21. Certain arithmetical figures were agreed at the hearing. It was agreed, for instance, that on the plaintiff's immediate pre-injury earnings she would have lost a total of $3,539.75 for the period of three months immediately following the injury. On the approach I have adopted this would yield a figure of about $8,850 for a period of six months total incapacity and three months partial incapacity. Out-of-pocket expenses for the whole of the period from the date of injury to the present were $1,453.19. I propose to allow $600 for past out-of-pocket expenses. The plaintiff was paid worker's compensation from the time of injury until the time of the hearing and the Fox v. Wood component was agreed at $4,217.28. Of this amount I allow $1,200. The plaintiff made a claim under the principle in Griffiths v. Kerkemeyer [1977] HCA 45; (1977) 139 CLR 161. Insofar as her husband is making a claim for loss of consortium, this part of the claim should be restricted to a component related to services rendered by the plaintiff's daughter and sister. I allow ten hours per week for the first six months and four hours per week for three months thereafter. That makes a total of say three hundred hours at a rate slightly less than the commercial rate of $9 per hour for which I allow $2,000.00.
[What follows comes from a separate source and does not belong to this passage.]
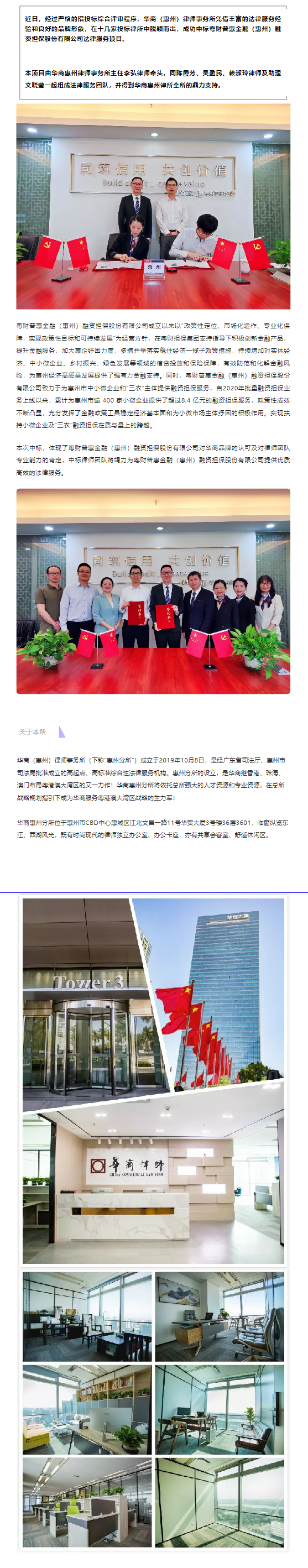 惠州分所中标粤财普惠金融(惠州)融资担保股份有限公司法律服务项目 2023-04-26 列表 上一篇 华商律师受聘担任上市公司东莞铭普光磁股份有限公司常年法律顾问 华商高级合伙人陈妙财律师团队受聘担任英大证券有限责任公司常年法律顾问 下一篇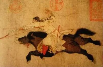 遼代的缺胯袍開衩后左右各有兩片梯形小片,頂端縫住,以使開衩后仍能起到遮掩作用。《獲鹿圖》描繪了開衩袍在馬背上的使用情景。

22. For pain and suffering and loss of enjoyment of life the damages are quite moderate and must be restricted to the nine month period I have mentioned. I will allow $7,000.00 in this regard.
23. Interest is claimed, but as the plaintiff has received worker's compensation throughout, I do not think that interest should be allowed on the loss of earnings. It will be restricted to general damages and awarded at 14 per cent and reduced by one quarter, giving a figure of $1,911.00. The plaintiff's damages and interest therefore total $21,561.00 and reduced by 7.5 per cent for contributory negligence give a net figure of $19,944.00.
24. As far as the husband's loss of consortium claim is concerned, it has to be restricted to the period of nine months. Both he and his wife were working full-time at the time of the injury and he is by no means entitled to have the case dealt with as if his wife carried out full-time domestic duties. On the husband's own account, he rendered very little assistance before the injury and I think that after the injury most of the assistance was rendered by the daughter and the sister. In the light of the rest of the case, I think that the claim for loss of sexual enjoyment is exaggerated, but I accept that during the first six months or so it would have been real, diminishing to very little if anything at the end of a further three months. I propose to award a total of $1,500.00 for the loss of consortium claim and add the amount of $409.50 to that for interest, reducing the total by 7.5 per cent for Mrs. Hengst's contributory negligence and arriving at a final figure of $1,766.00. There will therefore be judgment for the plaintiff Johanna Maria Hengst of $19,944.00 and for the plaintiff Johannes Hengst of $1,766.00. Unless the parties wish to be heard, I order the defendant to pay the costs in each case.